Nice report. thanks for sharing it.

Mark


----------



## stringle (Oct 3, 2007)

It's always great to see the kids smiling!!


----------



## cobe killer (Apr 13, 2008)

them boys were all smiles and a proud poppa right there with'em.nice to meet ya auther. it sure was a beautiful day, i can't believe i left the camera in the truck.:banghead oh well everyone's aloud to make at least ONE mistake in their lifetime. good to see ya'll out on the water.

p.s. that is a stud ALMACO jack( gonna taste real good)


----------



## Inn Deep (Oct 3, 2007)

Thanks for the trip!! I had a Great time!! The boys did an awesome job and were much better behaved than me. Look forward to more trips. I'll keep my eye out for you and the boys a good ROP!! Was nice to meet the Recess crew!!


----------



## Telum Pisces (Sep 27, 2007)

> *cobe killer (1/20/2010)*
> 
> p.s. that is a stud ALMACO jack( gonna taste real good)

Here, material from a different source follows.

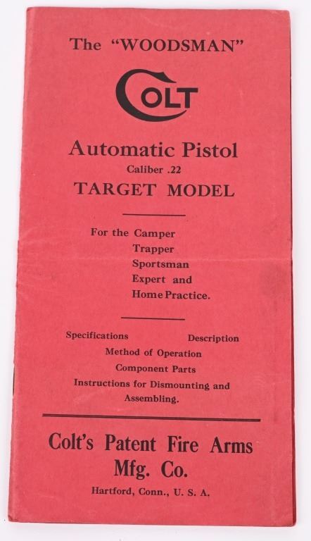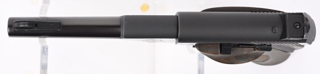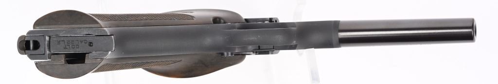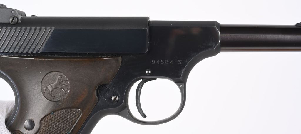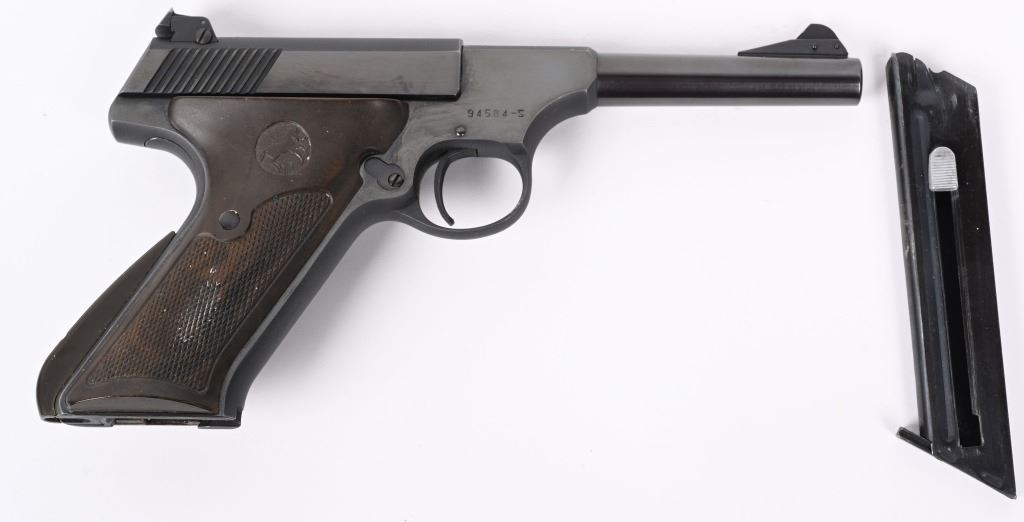 SERIAL NUMBER: 94584-S. BARREL: 4-1/2". CALIBER: .22LR. MANUFACTURED: 1951. Standard markings and features. Ramped blade front sight and adjustable u-notch rear. Original blued finished and checkered brown plastic grips. Includes original blued steel magazine and red instruction booklet. CONDITION: Metal and grips are excellent overall, with a few handling marks. Bore is shiny with crisp rifling. Mechanically fine. Magazine is excellent. C&R
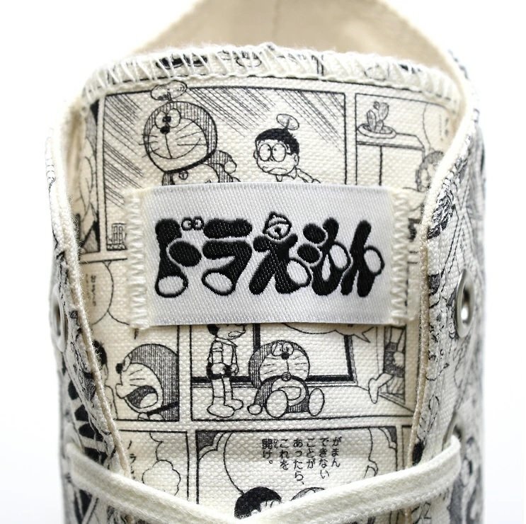 | 2025年に連載開始から55周年を迎えた国民的まんが「ドラえもん」のアイテムが登場。 原作コミックスの中から、色々な表情のドラえもんや、ドラえもんとのび太の2人のシーン等を抜き出して作成したオリジナルの柄をアッパー全面に採用したスペシャルなデザイン。 多くの名シーンを取り入れることで、ひとつとして同じ柄の出方がなくファンの心をくすぐる一足。 タンにはコミックスをイメージしたモノクロ仕様の「ドラえもん」ロゴラベルが付属。 カラーはオフホワイトの1カラー展開。 オリジナルカートンも付属し特別感のある一足。 ALL STAR AGED SPEC ・洗い加工を施したアッパー ・艶出し加工を施した生成りテープ ・6ミリ幅のコットンシューレース ・光沢の強いハトメ ・クッション性に優れた高密度ウレタンフォームとラバースポンジのインソール ・トウスプリングを低めに設定したクラシックなシルエットのラスト | |

I also believe it to be a Almaco. That tall swooping fin is a dead give away. It's a stud. Great report. Kids smiling always makes me smile.


----------



## NoCatch (Apr 27, 2008)

Great pics and report, Scott! Looked like a terrific day tobe on the GoM with the kids and a new fishing buddy..:clap


----------



## NaClH2O (Feb 14, 2008)

Nice report Scott, looks like it was slick as glass. Now I'm really upset that I had to work. That is a stud of an Almaco.

Team Recess

Rob


----------



## Fiver (Nov 6, 2008)

Looks like a fun day! Bonita chunks do seem to attract the sharks...and that is a very nice almaco!


----------



## jjam (Dec 9, 2007)

Scott,

Awesome :bowdownyou were able to get the boys out and bring home a nice box of fish...and that Almaco is a hog man...

Jimmy:letsdrink


----------



## Hired Hand (Nov 25, 2008)

Awesome job guys. Looks like everyone had a good time.As for your shark fishing I just hope we both don't enter the same tournament. I would just hate to tell everyone I was beat buy an8 year old for the monster shark.But I would if you would tell your Dad didn't help you reel it in. You guys rock.:clap:bowdown:bowdown:clap


----------



## Runned Over (Sep 6, 2008)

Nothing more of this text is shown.